This study reveals a unique molecular signature of HIV permissiveness in Th17 cells (e.g., PPARG, PAK2, KLF2, PTEN, ITGB7, ATG16L1, Alix/AIP1/PDCD6IP, LGALS3, JAK1, TRIM8, MALT1, FOXO3, ARNTL, ABCB1, TNFSF13B/BAFF, and CDKN1B) and provides evidence that a unique TCR signaling cascade is favorable to HIV replication in Th17 cells. The current identification of novel Th17-specific HDFs is instrumental for designing novel therapeutic strategies aimed at interfering with viral replication, while maintaining the Th17 role in mucosal immunity.
Healthy HIV-uninfected donors were recruited at the Montreal Chest Institute, McGill University Health Centre, and Centre Hospitalier de l’Universite de Montreal (CHUM, Montreal, Quebec, Canada). Large quantities of PBMCs (109–1010 cells) were collected by leukapheresis as previously described .
This study, using PBMC samples from healthy HIV-uninfected subjects, was conducted in compliance with the principles included in the Declaration of Helsinki. This study received approval from the Institutional Review Board of the McGill University Health Centre and the CHUM-Research Centre, Montreal, Quebec, Canada. All human subjects that donated biological samples for this study provided written informed consent for their participation in the study. All human subjects agreed with the publication of the subsequent results generated using the samples.
Flow cytometry analysis
Fluorochrome-conjugated Abs used for polychromatic flow cytometry analysis were CD3-Pacific Blue (UCHT1), CD4-Alexa700 (RPA-T4), CD45RA-APC-Cy7 (custom), CCR4-PE-Cy7 (1G1), CXCR3-PE-Cy5 (1C6), CCR6-PE (11A9), Ki67-FITC, IFN-γ-AlexaFluor 700 (B27) (BD Pharmingen), CD56-FITC (MEM188), IL-17-PE (64DEC17) (eBioscience), HIV-p24-FITC (FH190-1-1) (Beckman Coulter), CD8-FITC (BW135/80), and CD19-FITC (LT19) (Miltenyi). A viability dye (Molecular Probes® LIVE/DEAD® Fixable Dead Cell Stain Kits, Invitrogen) was used to exclude dead cells. Cells were stained and analyzed by FACS using the BD LSRII cytometer and the FlowJo software, as previously described .
Magnetic (MACS) and fluorescence activated cell sorting (FACS)
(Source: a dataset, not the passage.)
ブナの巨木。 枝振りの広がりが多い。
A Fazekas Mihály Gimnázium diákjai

Total or memory CD4+ T-cells were enriched from PBMC by negative selection using magnetic beads (MACS, Miltenyi), with a purity >95 % as previously described [37, 104]. Then, cells were stained with CD45RA-APC-Cy7, CCR6-PE, CCR4-PE-Cy7, CXCR3-PE-Cy5 Abs and a cocktail of FITC-conjugated Abs to exclude CD8+ T-cells (CD8), NK cells (CD56), and B cells (CD19). The sorting gates were set on FITCneg memory (CD45RAneg) T-cells. Four subsets were sorted by flow cytometry (BDAria II): CXCR3+CCR4−CCR6− (CXCR3+Th1), CXCR3−CCR4+CCR6− (CCR4+Th2), CXCR3−CCR4+CCR6+ (CCR4+CCR6+Th17), and CXCR3+CCR4−CCR6+ (CXCR3+CCR6+Th1Th17). In other experiments, memory CCR6+ and CCR6− T-cells were sorted upon staining with CD45RA-APC-Cy7 and CCR6-PE Abs as well as a mixture of FITC-conjugated CD8, CD56, and CD19 Abs. A viability dye was used to exclude dead cells. Post-sort FACS analysis demonstrated sorted T-cell subsets were >99 % pure, as reported earlier [37, 104, 129].
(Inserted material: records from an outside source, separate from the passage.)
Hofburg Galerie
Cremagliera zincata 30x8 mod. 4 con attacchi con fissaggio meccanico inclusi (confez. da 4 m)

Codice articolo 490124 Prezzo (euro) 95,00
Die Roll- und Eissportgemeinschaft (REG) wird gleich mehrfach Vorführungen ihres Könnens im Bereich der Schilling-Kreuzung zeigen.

Genome-wide transcriptional profiling
Matched memory CD4+ T-cell subsets were isolated by FACS from five different HIV-uninfected donors and stimulated with immobilized CD3 and soluble CD28 (1 µg/ml) for 3 days. Total RNA was isolated using RNeasy columns kit (Qiagen) according to the manufacturer’s protocol. RNA quantity was determined by Pearl nanophotometer (Implen, Germany) (106 cells yielded 1–5 µg RNA). Genome-wide analysis of gene expression was performed on total RNA by Génome Québec (Montreal, Quebec, Canada). Briefly, the quality of total RNA was tested using the Agilent 2100 Bioanalyzer chip. High quality RNA was reverse transcribed and hybridized on the Illumina HumanHT-12 v4 Expression BeadChip providing coverage for more than 47,000 transcripts and known splice variants across the human transcriptome.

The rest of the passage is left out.